Pero a la poderosa burocracia y los intereses creados que se habían establecido
durante décadas no les interesaban los cambios ni la apertura que proponía
Gorbachov. Se opusieron. El resultado fue una fuerte crisis económica
y una situación cada vez más caótica. El pueblo respondió con
huelgas obreras y movimientos separatistas que hicieron temblar a la enorme potencia.
El 8 de diciembre de 1987 sucedió algo que años antes hubiera sido
imposible imaginar: la URSS y Estados Unidos firmaron un tratado para eliminar
las armas nucleares de medio alcance en Europa. La Guerra Fría llegaba
a su fin.
En junio de 1991, Boris Yeltsin fue electo presidente
ejecutivo de la federación
rusa.
Un intento de golpe de Estado en agosto de 1991 por grupos comunistas conservadores
precipitó el fin del régimen. Para entonces, otros países
del bloque comunista habían hecho lo suyo. Polonia, Hungría y la
República Democrática de Alemania buscaron la democratización.
Las repúblicas
> Con la disolución de la URSS,
el Mapamundi también cambió, pues incluyó a
15 nuevos países.
> Rusia, o Federación Rusa, es
el país más extenso del mundo, abarca parte
de Europa y Asia. Como sucesor principal de la Unión
de Repúblicas Socialistas Soviéticas sigue
siendo influyente, en particular en la Comunidad de Estados
Independientes integrada por otros estados de la antigua
Unión soviética.
> Letonia, Estonia y Lituania se sitúan
en Europa y forman parte de la Unión Europea.

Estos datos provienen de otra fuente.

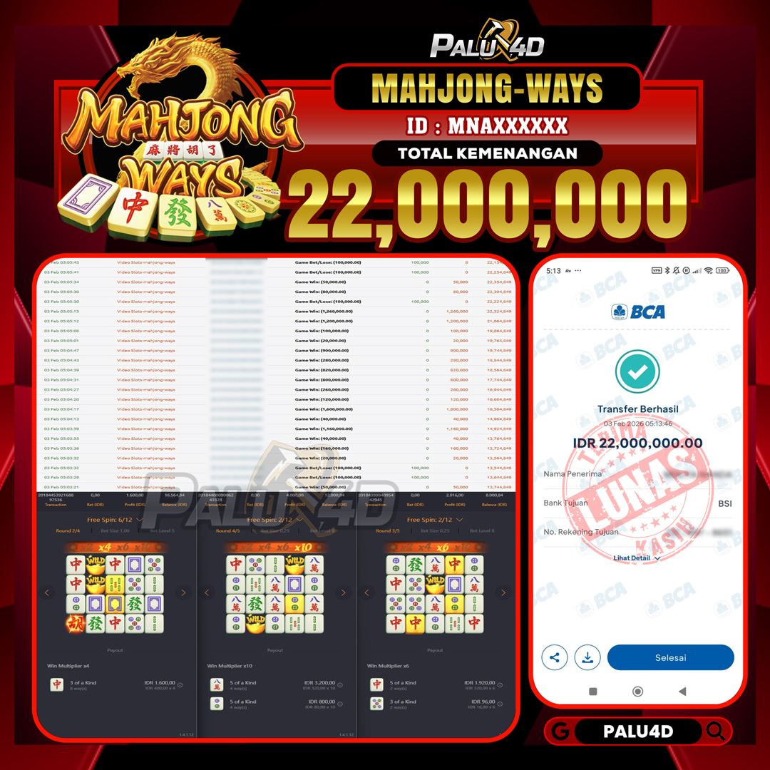 PALU4D – Selamat bagi pemenang yang mendapatkan jackpot hari ini 03 FEBRUARI 2026 di game Slot MAHJONG WAYS  yang di sediakan situs palu4d dan sudah kami bayar lunas. Berikut data pemenang hari ini yang kami proses dengan cepat ke rekening tujuan yang terdaftar di akun selama ±10 menit.
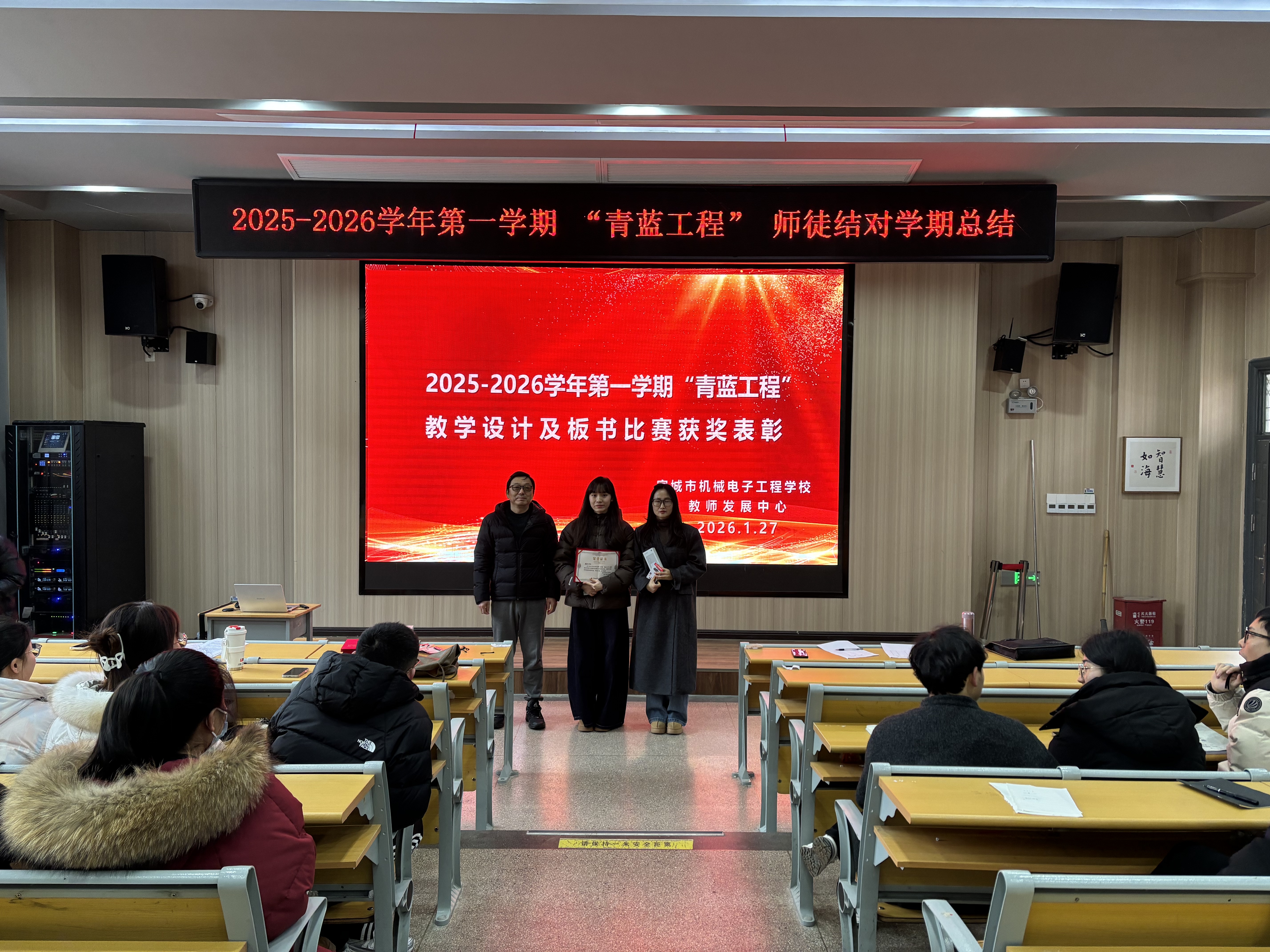 会议第一项,何丽娜就2025-2026学年度第一学期“青蓝工程”新教师教学设计及板书比赛活动进行了全面总结。她在肯定全体新教师一学期以来始终保持谦逊好学、积极进取态度,认真参与教研、主动请教、勤于反思的同时,也指出了比赛中暴露出的部分问题:如教学设计书写规范性有待加强,对教学目标、重难点的把握需更精准,教学流程的逻辑性与连贯性有待提升;少数教师对教学设计理解存在偏差,未能充分结合学情优化环节,导致设计与课堂实践衔接不足。会上,何丽娜为在比赛中表现优异的戴静、李春辉、方敏、朱傲楠四位新教师及其指导教师颁发了获奖证书,师徒共同上台合影留念。
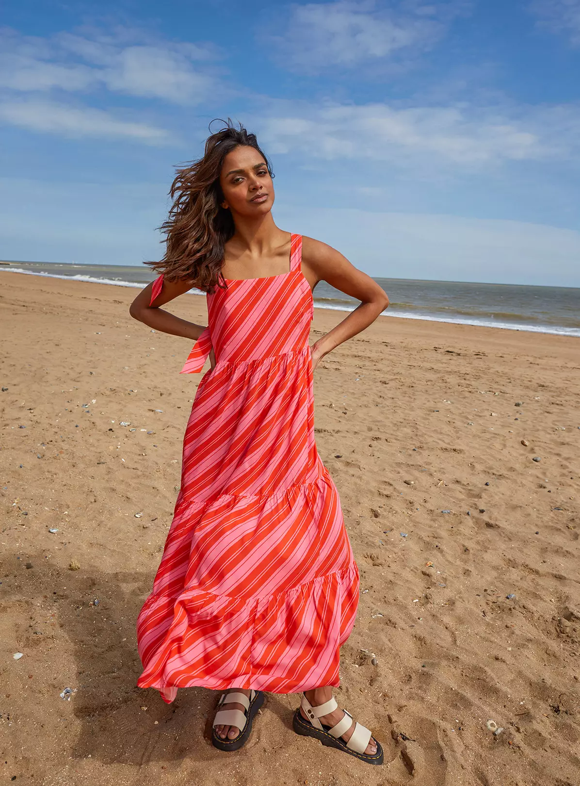 Fun and free-flowing, our strappy midi dresses are just perfect for summer and made from a gorgeous EcoVero™ fabric, which is biodegradable, sustainable, super soft and made from responsibly sourced wood (yes wood!). Featuring stylish bow tie back, tiered easy to wear shape and a vintage inspired diagonal pink stripe print. Made from 100% Lenzing™ Ecovero™ Colour: Red and pink Side pockets Tie back bow Care: Machine wash 30° Fits true to size
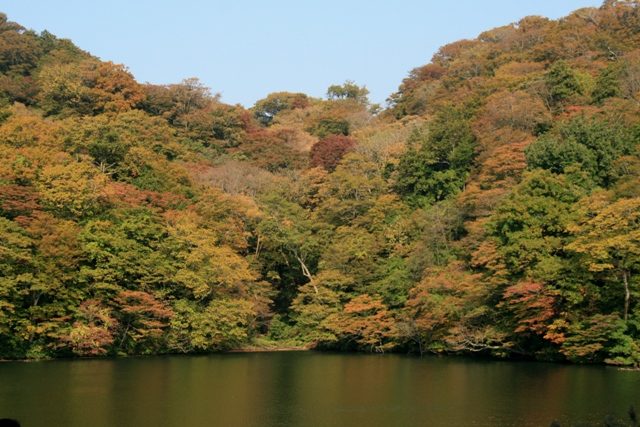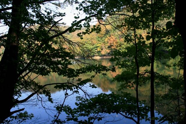 ブナ、ナラ、カエデの茂る原生林に見え隠れする湖沼は
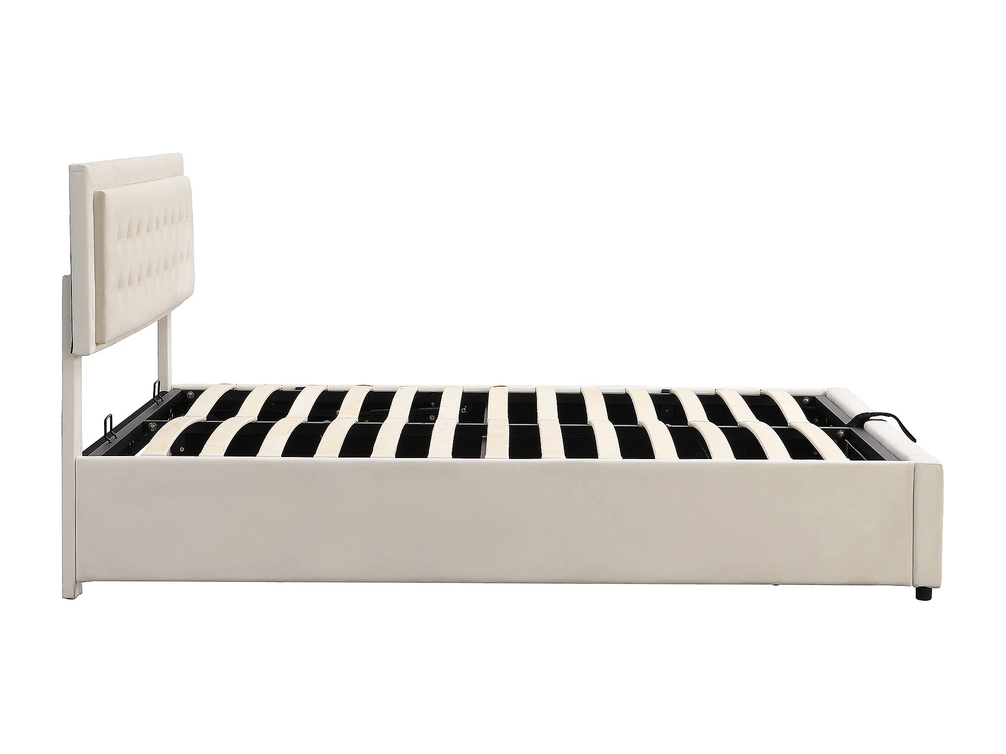 Letto con contenitore, testiera imbottita, velluto, beige, 160x200 cm
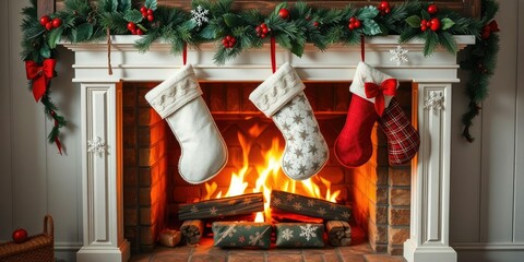 Cozy fireplace with stockings hung on a mantel, surrounded by festive fabric appliques of snowflakes, holly leaves, and berries, stockings, fabric applique, holiday season
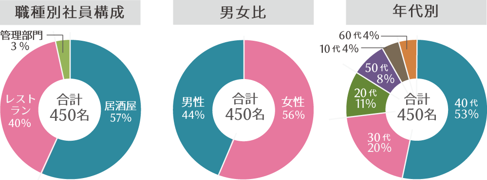 | 社員数 | 社員:約100名(グループ総数) パート・アルバイト:約400名(グループ総数) |
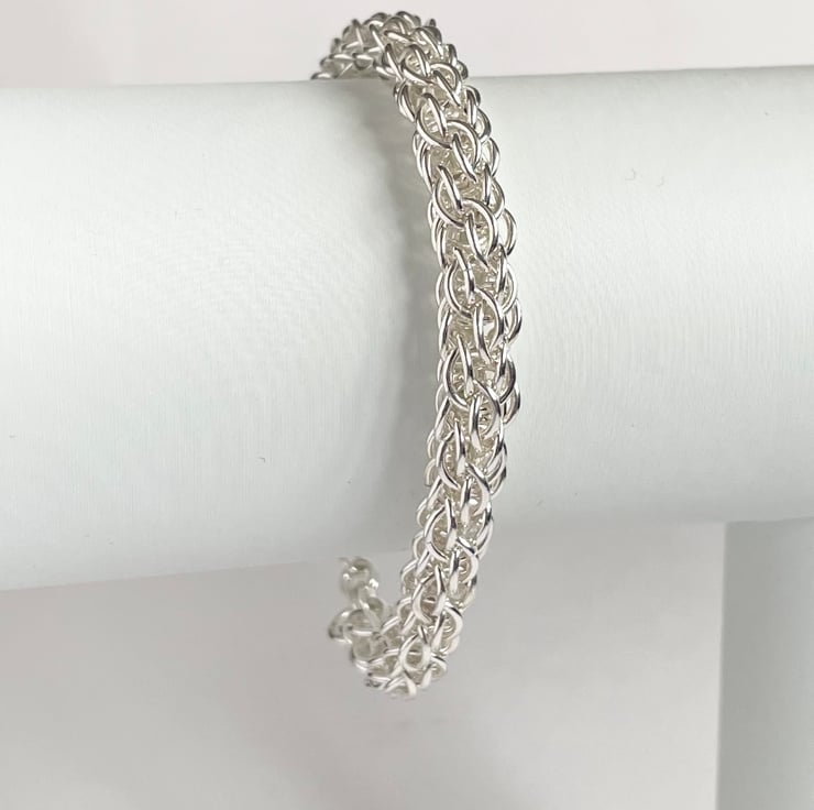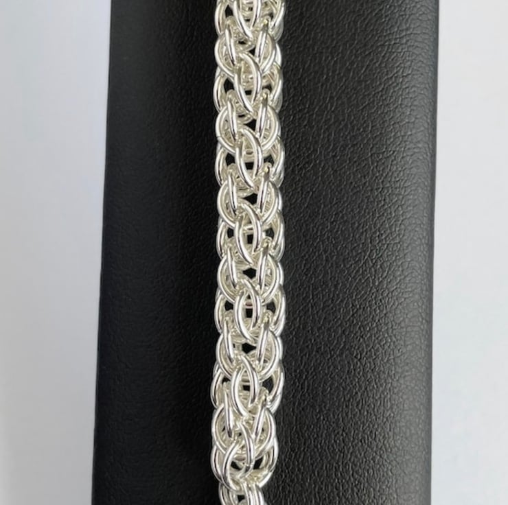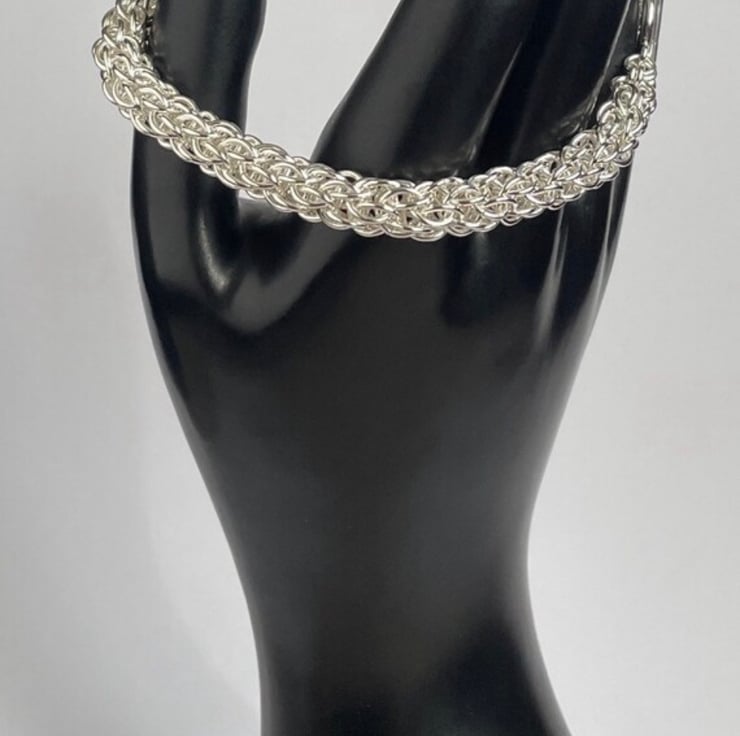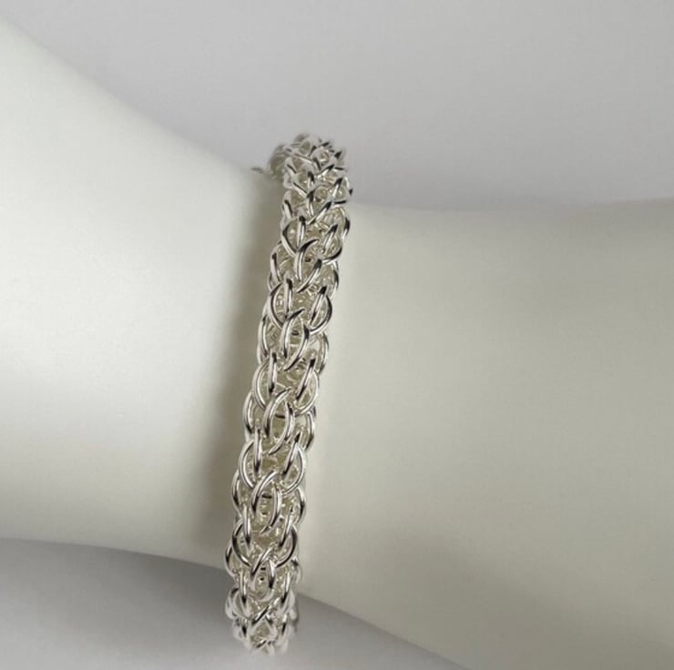 I’ve created this bracelet with sterling silver rings to create this lovely intricate woven lace chainmaille bracelet, which is available in 5 lengths.
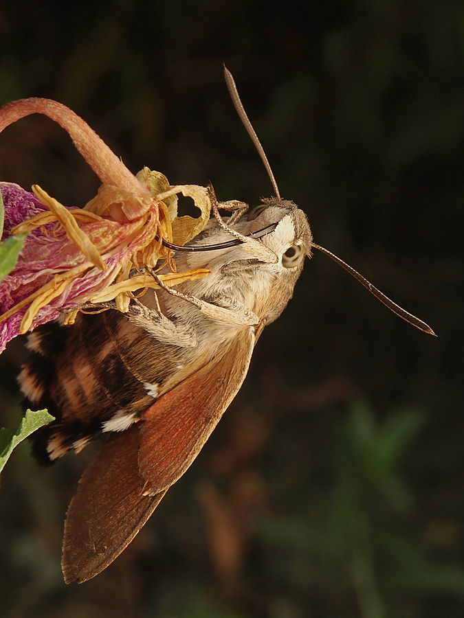 К одному из них она меня и направила. Бражник сидел на цветке, и при виде меня заработал крылышками. Однако, не улетел, остался на цветке, причём, увядающем. В первый момент это меня не удивило. Я немного поснимал бражника, а потом обнаружил, что хоботок бабули застрял в цветке, точнее-прилип к нему изнутри.
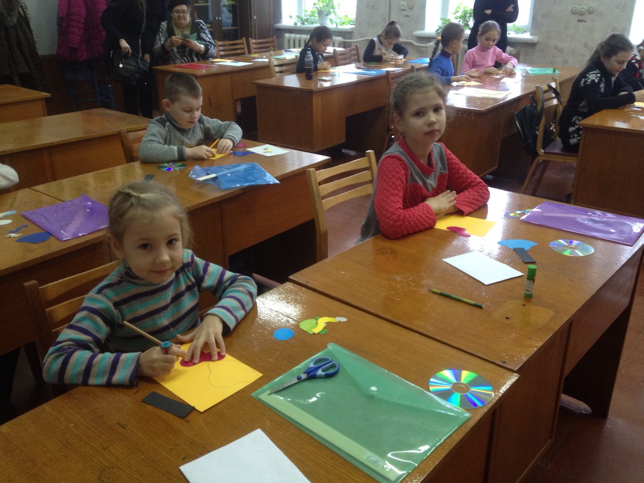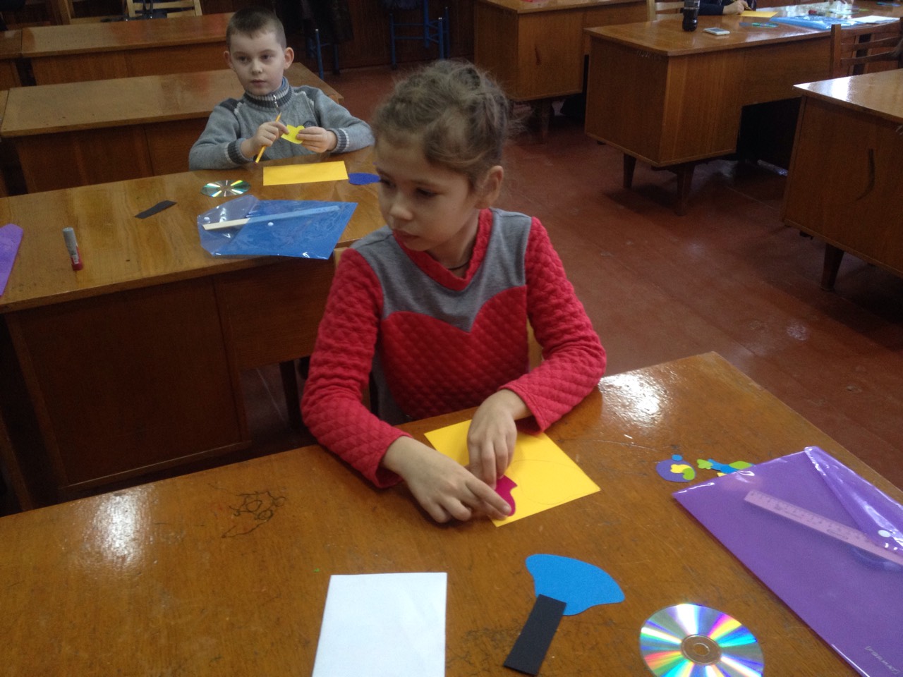 На станции юных техников мастерили собачек из старых дисков
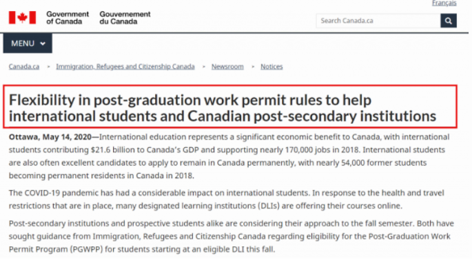 加拿大联邦移民、难民及公民部(IRCC)于5月14日发布有关毕业工签的最新内容:

> Bielorrusia o Belarús, era la
antigua Rusia Blanca.
> Ucrania se ubica en Europa, es el segundo
país más grande del continente.
> Moldova, también llamada Moldavia,
limita con Rumania y Ucrania.
> Georgia, se ubica en la costa del Mar
Negro.
> Armenia, está localizada al
sur de las montañas del Cáucaso.
> Azerbayán o Azerbaiyánse
ubica en el Cáucaso al borde del Mar Caspio.
> Kazajstán, Kazajistán
o Kazakstán. Es el noveno país más
grande del mundo.
> Kirguistán, también llamado Kirguizistán o Kirguisia,
tiene frontera con la República Popular China.
> Uzbekistán, Tayikistán
y
Turkmenistán se sitúan en Asia Central.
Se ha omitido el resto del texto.